In this post, we will take a look at how to create custom Excel reports from a Rust web service. We will use some custom data types, formatting and it will still be fast and relatively lean in memory consumption, even for large files.

Let’s get started!

Implementation

First, let’s start by building a basic web server with a route pointing to our excel export.

Let’s start with dependencies:

[dependencies]
tokio = { version = "0.2.21", features = ["macros", "rt-threaded", "blocking", "time"] }
warp = "0.2.3"
thiserror = "1.0.20"
chrono = { version = "0.4.13", features = ["serde"] }
xlsxwriter = "0.3.1"
uuid = { version = "0.8", features = ["v4"] }
lazy_static = "=1.4.0"

Since we’re building a Warp web app, based on tokio, the first couple of dependencies aren’t that surprising.

We also add chrono, to show off how to handle dates in Excel and we’ll use uuid to create some random ids.

The next step is to create a basic, runnable web server with a report endpoint that doesn’t do anything yet:

#[tokio::main]
async fn main() {
    let report_route = warp::path("report")
        .and(warp::get())
        .and_then(report_handler);

    println!("Server started at localhost:8080");
    warp::serve(report_route).run(([0, 0, 0, 0], 8080)).await;
}

async fn report_handler() -> Result<impl Reply> {
    Ok("report endpoint")
}

Great.
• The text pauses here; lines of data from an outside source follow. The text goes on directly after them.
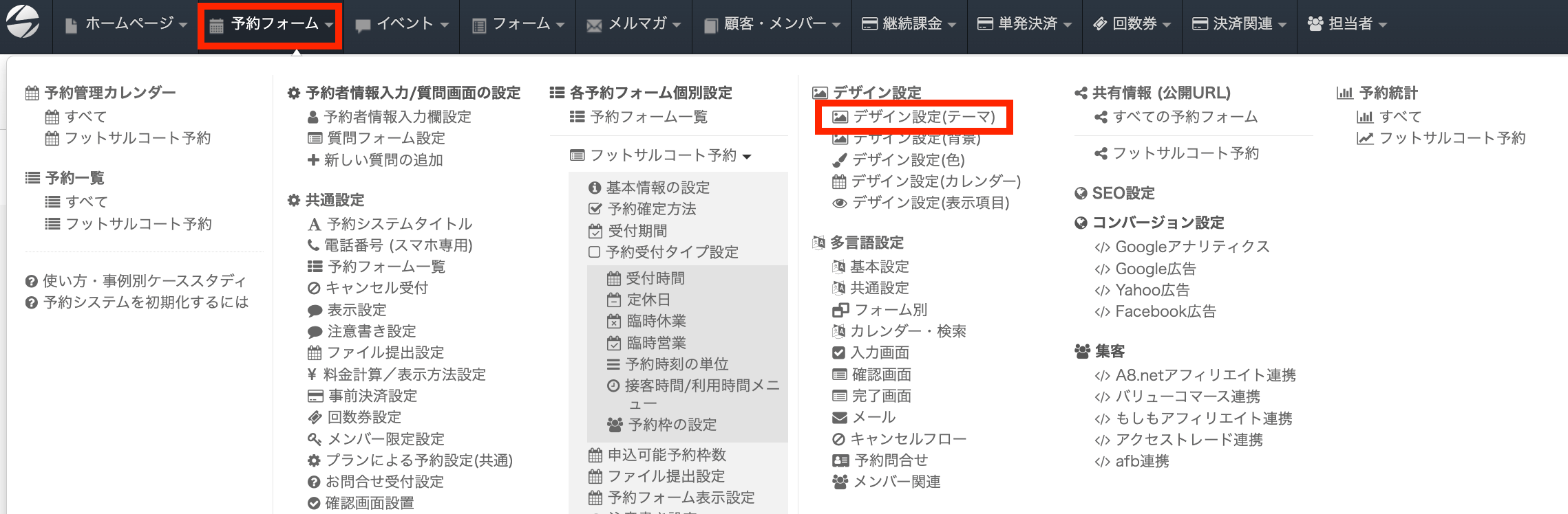 ヘッダーの「予約フォーム」をクリックし「デザイン設定(テーマ)」をクリックすると設定画面が表示されます。
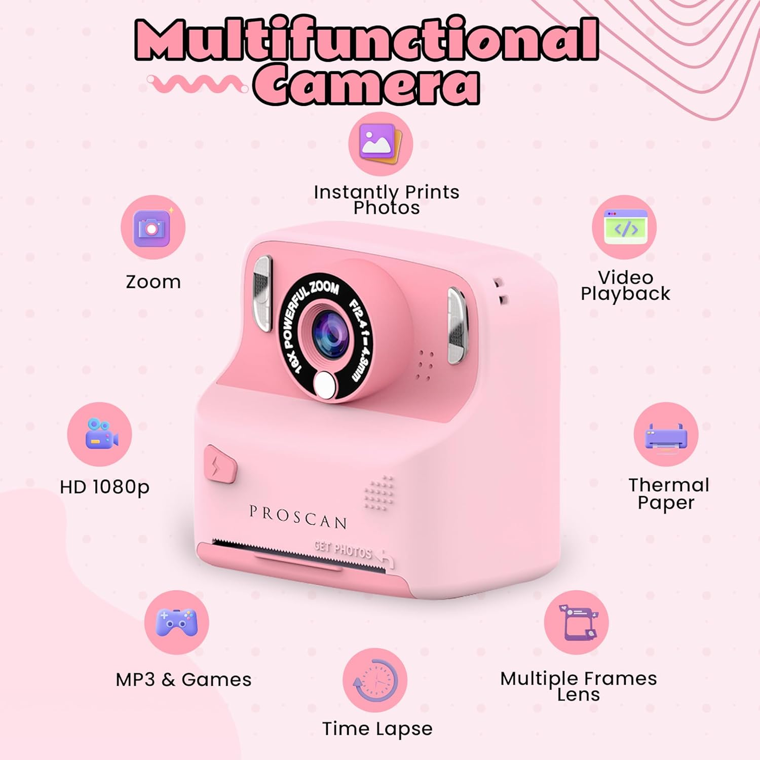 PROSCAN Childrens Digital Camera – Color Instant Print Camera for Kids | Instant Cameras That Print Photos for Kids | Kids Thermal Camera Instant Print
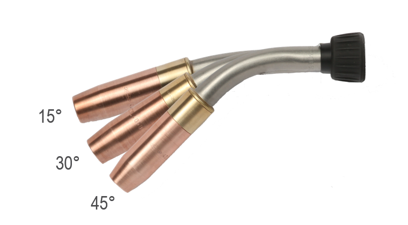 Pieejami dažādu garumu un leņķu degļu gali (0°/15°/30°/45°)
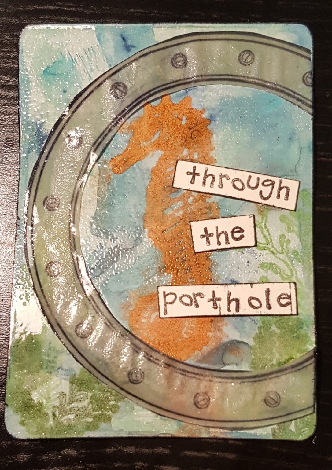 I added gesso to a light green piece of card then added layers of distress oxide. I then stamped the seahorses and the seaweed.
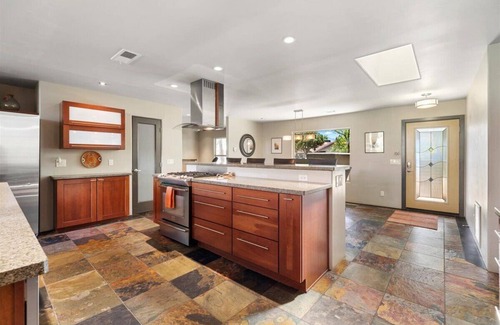Beautifully designed contemporary gem with fantastic views and spa like amenities. Panoramic Red Rock views are on display from most of the home including the two master suites. The main Living area is open concept with stunning red rock views from the dining area, kitchen and den. The Home soothes you with quietness and comfort. The heated stone floors warm your feet in the winter and keep you cool in the summer. Endless hot water allows you to indulge in leisurely relaxing showers after a day of hiking and the assortment of lighting can set the mood for a movie theater experience at night with the 55” flat screen TV. Two indoor spa tubs give you the choice of a champagne bubble bath or a jetted bath, there is a 6 person hot tub on the covered back patio overlooking the mountains. A perfect combination of wood, stone steel and glass make this home a joy to behold and will make your Sedona vacation, a vacation to remember. Walking distance to shopping, restaurants hiking trailhead and entertainment this home puts you close to everything while maintaining a private secluded atmosphere.
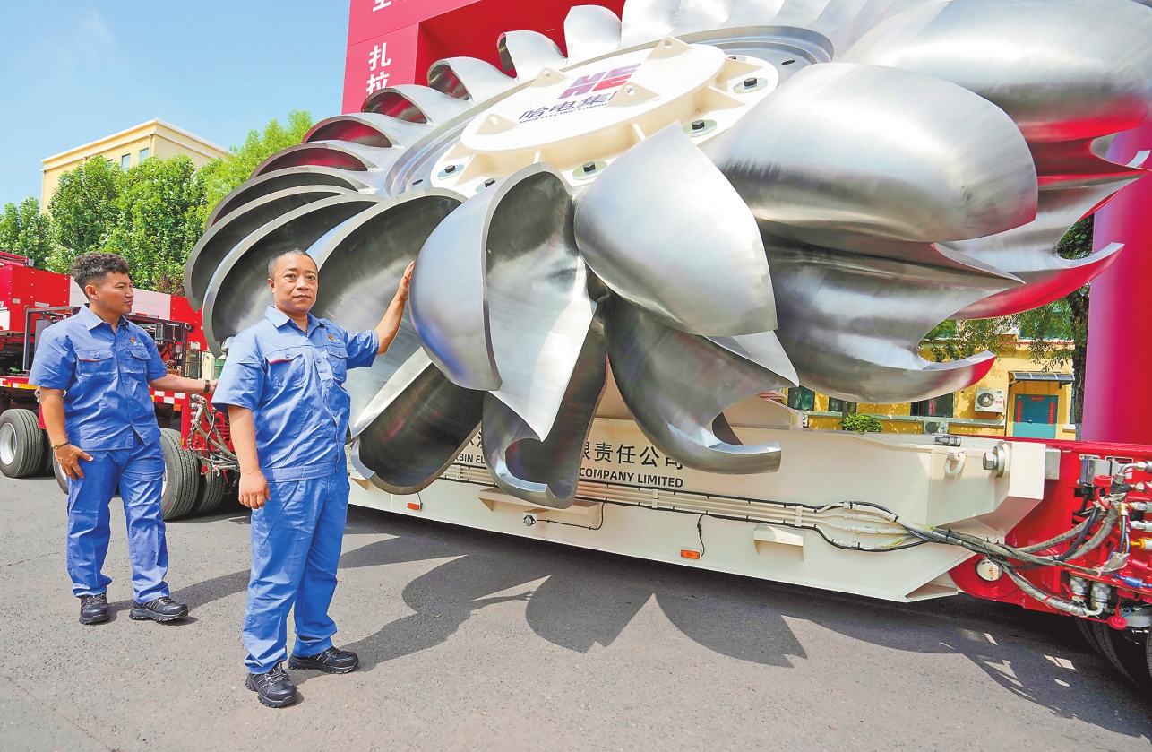 7月2日,在哈尔滨电机厂有限责任公司厂区,焊接人员在介绍世界首台单机500兆瓦冲击式水轮发电机组转轮的焊接位置。用“数智化”等先进技术改造提升传统产业已成为中国老工业基地哈尔滨发展新质生产力的重要路径。近年来,哈尔滨把科技创新作为产业跃迁动力,让传统装备制造业领域绽放新光。 新华社记者 王建威 摄

The next step is to define some test data we want to export to excel. In practice, we would fetch this from a database, or from other web services, but here we will just generate some random data.

To do this, we’ll define the Thing data structure and generate some random data for it:

lazy_static! {
    static ref THINGS: Vec<Thing> = create_things();
}

#[derive(Clone, Debug)]
pub struct Thing {
    pub id: String,
    pub start_date: DateTime<Utc>,
    pub end_date: DateTime<Utc>,
    pub project: String,
    pub name: String,
    pub text: String,
}

fn create_things() -> Vec<Thing> {
    let mut result: Vec<Thing> = vec![];
    for _ in 0..1000 {
        result.push(Thing {
            id: random_string(),
            start_date: Utc::now(),
            end_date: Utc::now(),
            project: random_string(),
            name: random_string(),
            text: random_string(),
        });
    }
    result
}

fn random_string() -> String {
    Uuid::new_v4().to_string()
}

Essentially, every Thing has some string fields and some date fields. The date fields we set to now(), because we’re only interested in the formatting of the dates. The rest of the fields are filled with UUIDs. Also, we’re making this initialized data available globally using lazy_static. That way we only have to create it once at startup.

With that out of the way, we can implement our report_handler properly:

async fn report_handler() -> Result<impl Reply> {
    let now = Instant::now();
    let result = tokio::task::spawn_blocking(move || excel::create_xlsx(THINGS.to_vec()))
        .await
        .expect("can create result");
    println!("report took: {:?}", now.elapsed());
    Ok(result)
}

Since we’re also interested in how long creating a huge Excel file takes, we’re going to note down the time the generation took. The actual Excel generation will be implemented in the excel::create_xlsx function in the next part of this post.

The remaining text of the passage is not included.